You can make a capacitive touch sensor with nothing more than a high-value resistor and a spare GPIO pin on your micro. See page 11: http://focus.ti.com/lit/an/slaa363a/slaa363a.pdf
That’s a nice breadboard setup. Does that fold up into a type of folder? Did you make it or buy? Looks like it keeps things nice and neat.
e91: holycrapholycrap best idea EVER. I’d have to etch a board to get the high number of contacts required without losing my mind, but hey, maybe it’s an excuse to do some toner transfer. It’d require another micro and serial to talk to the arduino, which I wanted to avoid, but for that it might be worth the hassle.
Andrew: rtfa. Yes, I know you can. I even mentioned it as my initial before-anything thought. Problems are 1. it’s a pain in the butt to get RIGHT, and at the level of abstraction that Arduino provides for coding, it’d be (really hard) to get the timing, and 2. I had no spare gpio. That’s the biggest issue of this whole problem. I could add another micro, and use one of it’s GPIO to manage the button’s pin, but then that’d be a whole extra unnecessary level of complexity, and it’d OBLITERATE my low part count and almost nonexistent cost.

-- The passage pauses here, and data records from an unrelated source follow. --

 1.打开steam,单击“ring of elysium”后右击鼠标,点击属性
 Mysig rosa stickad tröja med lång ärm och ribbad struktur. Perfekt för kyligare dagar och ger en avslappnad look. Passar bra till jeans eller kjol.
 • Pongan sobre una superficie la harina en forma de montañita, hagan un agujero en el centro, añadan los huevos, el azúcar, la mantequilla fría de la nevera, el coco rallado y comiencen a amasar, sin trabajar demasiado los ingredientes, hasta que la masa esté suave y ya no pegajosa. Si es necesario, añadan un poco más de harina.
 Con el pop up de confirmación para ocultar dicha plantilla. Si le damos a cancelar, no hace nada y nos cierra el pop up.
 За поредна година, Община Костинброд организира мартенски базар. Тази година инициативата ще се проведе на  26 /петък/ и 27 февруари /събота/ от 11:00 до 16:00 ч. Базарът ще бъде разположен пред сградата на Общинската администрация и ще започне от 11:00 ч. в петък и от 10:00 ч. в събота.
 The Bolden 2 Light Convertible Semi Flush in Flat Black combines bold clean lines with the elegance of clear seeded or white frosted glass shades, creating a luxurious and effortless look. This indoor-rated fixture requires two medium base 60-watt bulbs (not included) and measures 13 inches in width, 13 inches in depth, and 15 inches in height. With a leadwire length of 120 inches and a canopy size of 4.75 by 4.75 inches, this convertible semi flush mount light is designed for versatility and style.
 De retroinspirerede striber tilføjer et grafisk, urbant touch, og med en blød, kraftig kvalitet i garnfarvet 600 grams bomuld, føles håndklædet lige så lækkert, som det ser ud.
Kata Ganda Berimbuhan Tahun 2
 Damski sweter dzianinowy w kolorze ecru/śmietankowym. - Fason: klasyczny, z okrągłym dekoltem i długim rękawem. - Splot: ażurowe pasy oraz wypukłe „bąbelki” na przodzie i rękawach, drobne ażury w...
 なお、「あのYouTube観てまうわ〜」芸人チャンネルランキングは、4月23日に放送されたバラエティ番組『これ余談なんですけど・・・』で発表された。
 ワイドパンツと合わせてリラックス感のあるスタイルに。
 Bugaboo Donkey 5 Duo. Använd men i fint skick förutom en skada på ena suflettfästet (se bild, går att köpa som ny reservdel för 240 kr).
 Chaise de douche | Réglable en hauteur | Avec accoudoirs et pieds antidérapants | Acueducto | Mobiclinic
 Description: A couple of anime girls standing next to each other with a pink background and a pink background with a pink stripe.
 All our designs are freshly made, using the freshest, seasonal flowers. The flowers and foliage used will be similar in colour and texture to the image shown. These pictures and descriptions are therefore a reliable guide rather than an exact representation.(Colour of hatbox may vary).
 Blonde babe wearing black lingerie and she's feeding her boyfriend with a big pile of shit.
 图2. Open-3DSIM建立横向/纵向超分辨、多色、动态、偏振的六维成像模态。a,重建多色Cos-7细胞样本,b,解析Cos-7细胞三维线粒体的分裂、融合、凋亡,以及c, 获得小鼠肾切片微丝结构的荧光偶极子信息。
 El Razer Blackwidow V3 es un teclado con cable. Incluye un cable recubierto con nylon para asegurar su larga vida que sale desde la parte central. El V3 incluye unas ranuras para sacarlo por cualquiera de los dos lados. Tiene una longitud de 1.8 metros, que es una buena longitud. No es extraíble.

I’m more interested in the neat protoboard setup. It looks like solid pins are soldered to the jumper wires, so they no longer deform uselessly after a single insertion. I might have to make some of these…
Rachel: assuming you mean the jumper wires themselves, no need.
I have the cheap ones, they’re good enough. I also have the f/f sparkfun jumpers, though.
I once attended a seminar on using freescale touch sensors, so I have a fairly good idea of how to design this. If you’re using a freescale part, it’s the only extra component you need, and it interfaces over a bus.
There’s no need for 60 IO. All you need is 3-4 circuits, alternately connecting each of the radial traces. The setup works kind of like a quadrature encoder, with 1-2 extra inputs for better accuracy.
You don’t even need 60 traces. You only need 8-10. The touch controller chip uses analogue interpolation to give a smooth 360 degree location. This is exactly how apple’s touch wheel works.
To make things even easier, there’s no need for a separate board. You can print the traces directly underneath the other components without having to worry about interference.
Freescale has a very nice sample policy, too.
Um, why not skip the control completely and just put a cheap photocell in so the display dims automatically with the amount of ambient light?
Rachel: are you suggesting that for the sake of implementing the idea e91 had? Certainly sounds like a nice solution. Do you know if the freescale parts were resistive or capacitive?
Also, I’m not sure what you mean “analog interpolation” but I can imagine that if you lay out 8 circular traces, concentric around the perimeter of the face and with selective solder masking, you could resolve 256 individual finger locations, which yes, is more than enough to uniquely identify 60 minutes.
Peterson: You could do that. But keep in mind, I have NO pins left on the arduino. I have the digital pin that the switch uses, and that’s it. I could use an op amp and a comparator to get a useful 0/1 out of the photocell, thresholded at some desirable light level, but then that doesn’t ACTUALLY solve my problem, does it? I don’t want the thing to be dim at night. At its dimmest, it’s still too bright to fall asleep with. But if it turns off at night, then it becomes useless when i’m in the room but still not going to sleep. The only reasonable solution to the problem is me manually controlling display on/off, and I feel I’ve implemented the easiest AND cheapest method to do so.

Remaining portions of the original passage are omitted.